Adjunctive canadian Divalproex Sodium Lowers Cholesterol Elevation with Olanzapine generic

Author: Daniel E. Casey, MD, Department of Psychiatry, Oregon Health Sciences University, Portland, Oregon

Cardiovascular disease is a major cause of morbidity and mortality in patients with schizophrenia. Every 1% increase in total cholesterol levels results in a 2% increase in the risk of coronary artery disease.

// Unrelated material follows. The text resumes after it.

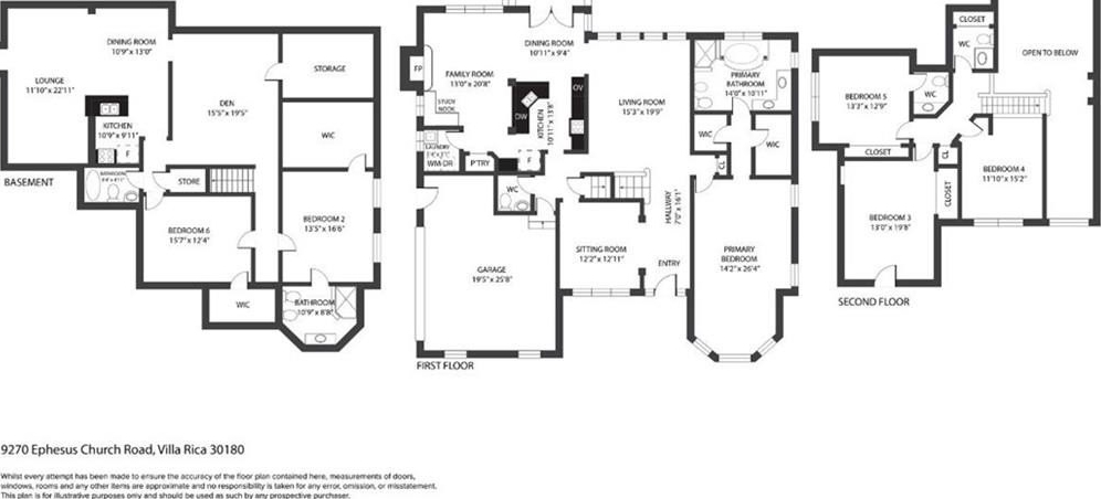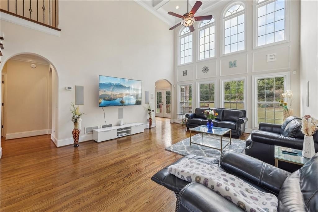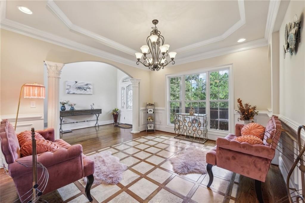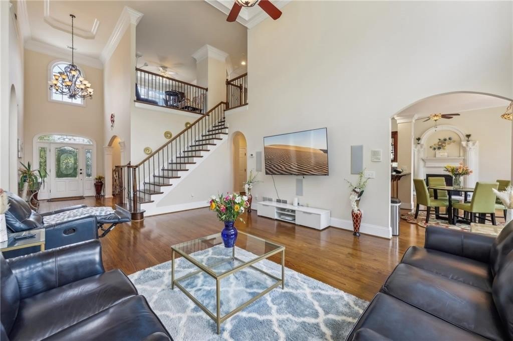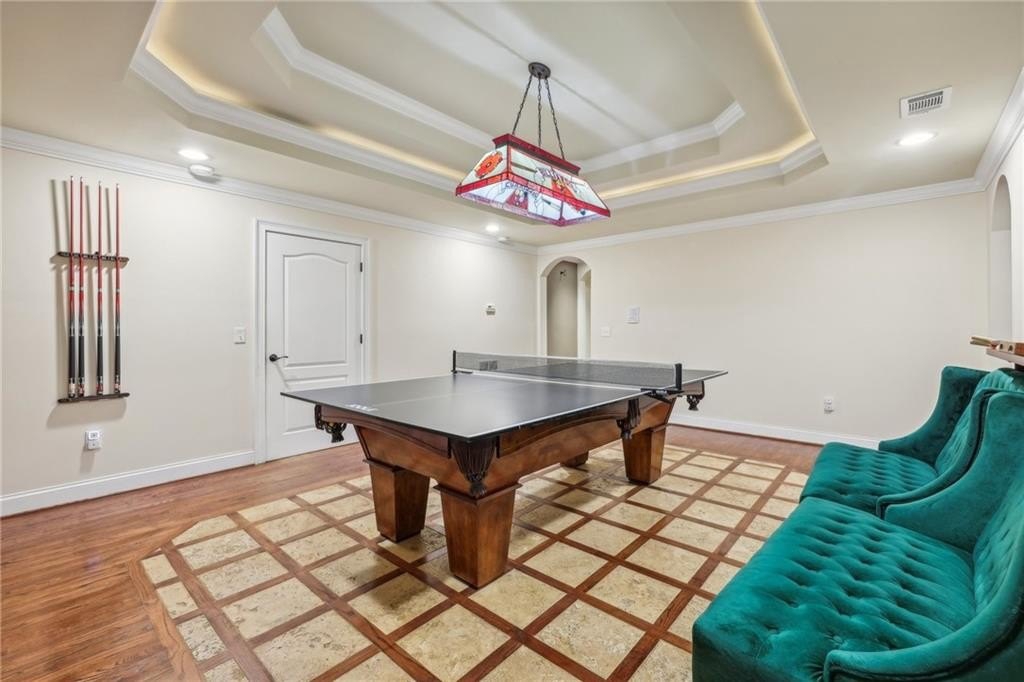 Welcome home to this stunning, custom built 4-side brick estate home in Villa Rica. This elegant home features 5 bedrooms, 4 full bathrooms, and 2 half bathrooms (1 Jack and Jill bathroom) and approx. 4,850 square feet of luxurious living space, situated on 5 private and serene acres. Main level features a dramatic 2 story hardwood foyer and soaring ceiling flanked by a formal dining area with arched doorway, decorative columns, art niches, intricate inlaid tile and hardwood floor and sophisticated trim work throughout. Just beyond the foyer lies the grand gathering room with coffered ceiling & tower of windows that drenches it in natural light. From grand room there is an open view to the breakfast area and kitchen. The gourmet kitchen offers cherry cabinets, stone countertops, stainless steel appliances, large pantry, and breakfast bar. Just beyond the kitchen is the vaulted Keeping room with decorative wood burning fireplace and bar area. French doors open to the newly renovated deck overlooking the private, level 5 acre back yard. The main level also features the spacious primary suite boasts a sitting area and luxurious ensuite with whirlpool spa tub, large separate tile shower, heated ceramic tile floors, dual walk-in closets and double vanities. The upper level features a loft/office area along with 2 secondary bedrooms, one which is a guest suite that includes a patio/balcony and full bath. Last but not least, the expansive terrace level presents like a 2nd home with a full kitchen, 2 bedrooms, 2 full bathrooms, surround sound media/game/billiards room that would be perfect for in-law or au pair suite. Home is also equipped with built in 7 camera security system and is conveniently located near schools, shopping, dining and. I-20 for quick commuting.

The number of patients taking combination therapy with atypical antipsychotic agents and divalproex sodium (DVPX) (Depakote tablet, Abbott) is increasing. Some antipsychotic agents are known to have an adverse effect on weight, serum lipids, and glucose. Preliminary data from patients with bipolar disorder and epilepsy suggest that DVPX lowers cholesterol levels. Limited animal studies suggest that valproic acid modifies cholesterol metabolism by enhancing hepatic peroxisomal beta oxidation and by reducing sterol synthesis from lactate or from 3-hydroxybutyrate. However, a systematic evaluation of cholesterol status has not been conducted in schizophrenic patients receiving antipsychotic agents in combination with DVPX.

Investigators conducted an analysis post hoc of 249 patients in a double-blind, randomized, multicenter trial of DVPX in combination with either olanzapine (OLZ) (Zyprexa medication, Eli Lilly) or canadian risperidone (RSP) (Risperdal generic, Janssen). Patients had been randomly assigned to take OLZ monotherapy (n = 65), RSP monotherapy (n = 60), or DVLP in combination with OLZ (n = 66) or RSP (n = 58). The mean age of the participants ranged from 38 to 40 years, and approximately 24% were women.

Mean doses of antipsychotic agents (days 6-28) were 15.0 mg/day for OLZ, 14.9 mg/day for DVPX + OLZ, 6.0 mg/day for RSP, and 6.0 mg/day for DVPX + RSP. The mean modal daily dose of DVPX (range, 500-3,500 mg/day) was 2,363 mg/day for DVPX + OLZ and 2,258 mg/day for DVPX + RSP. After four weeks, the total cholesterol increased from the baseline value by 26.62 mg/dl in the OLZ group, by 9.64 mg/dl in the RSP group, and by 0.87 mg/dl in the DVPX + OLZ group; it decreased by 13.44 mg/dl in the DVPX + RSP group.

The cholesterol levels of 56% of patients that had been in the normal range at baseline were shifted upward into the abnormal range after OLZ therapy. Adding DVPX cut this rate by about half. Approximately 28% of the cholesterol values in the RSP group became abnormal, and that figure was reduced by 5% with the addition of DVPX.

There were no correlations between baseline weight, body mass index, and total cholesterol changes. Increases in liver enzymes (serum alanine and aspartate transaminases, or AST and ALT) observed in the OLZ and RSP monotherapy groups were ameliorated with the addition of DVPX. There were no increases in the burden of side effects with the addition of DVPX, and there were fewer patient withdrawals from the study in the combination groups than in the monotherapy groups. canadian pharmacy

The investigators concluded that adding DVPX to OLZ or RSP therapy resulted in a decrease or in no change in total cholesterol levels. Further longer-term studies are under way.

Over the long-term, the 10% increase in total cholesterol observed at four weeks with OLZ represents a 20% to 30% increase in cardiovascular risk. The benefit of DVPX in preventing patients’ cholesterol values from being pushed up into the abnormal total range, combined with the improved antipsychotic efficacy of DVPX, is substantial. With combination treatment, it may be possible to reduce the typical length of a hospital stay for schizophrenic patients from 14 to seven days.